The building was financed through mortgages tied to De Santos' land shares in Hacienda Esperanza. After his death, the property was foreclosed, eventually coming under the ownership of the O'Racca Confectionery Company, which had operations in Binondo. During World War II, the building was used by Japanese forces, which spared it from total destruction, and it was later utilized by the U.S. Coast Guard during liberation.

Postwar, it became government property under laws governing former enemy properties and later housed the National Abaca and Other Fibers Corporation. In the decades that followed, the building was leased to various tenants and became the subject of legal disputes involving lease and ownership issues. A major fire in 1964 damaged only interior wooden sections, leaving the concrete structure intact.

In 2010, the building was sold to Rodil Enterprises, though the sale was questioned for undervaluation. It was later acquired by Anchor Land Holdings, though the details of this transfer are not publicly documented.

In 2013, after a petition by local heritage advocates, the IDES O'Racca Building was declared a Cultural Property under the National Museum of the Philippines.

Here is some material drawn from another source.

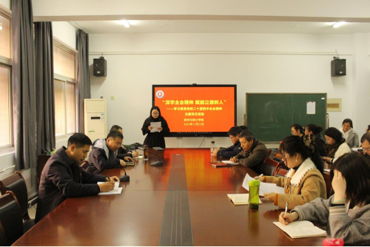 为深入学习贯彻党的二十届四中全会精神,切实把理论学习成果转化为育人实效,11月25日,数学与统计学院党委在A14—221会议室组织开展“深学全会精神 赋能立德树人”专项学习主题党日活动。活动通过“视频研学+交流研讨+总结部署”的三维立体模式进行。学院教师近40人参加活动,学院党委副书记兼纪委书记王仁举主持活动。

In 2021, another petition was filed to upgrade its status to a higher level of cultural protection, reflecting ongoing efforts to preserve the building as one of the remaining pre-war Art Deco structures in San Nicolas.

==Death and Legacy==
Isidoro de Santos died on August 24, 1939, at San Juan de Dios Hospital in Intramuros, Manila at the age of 66. He was buried in the De Santos Family Mausoleum at the Manila North Cemetery.

The National Historical Commission of the Philippines approved the fabrication of his historical marker in December 2022.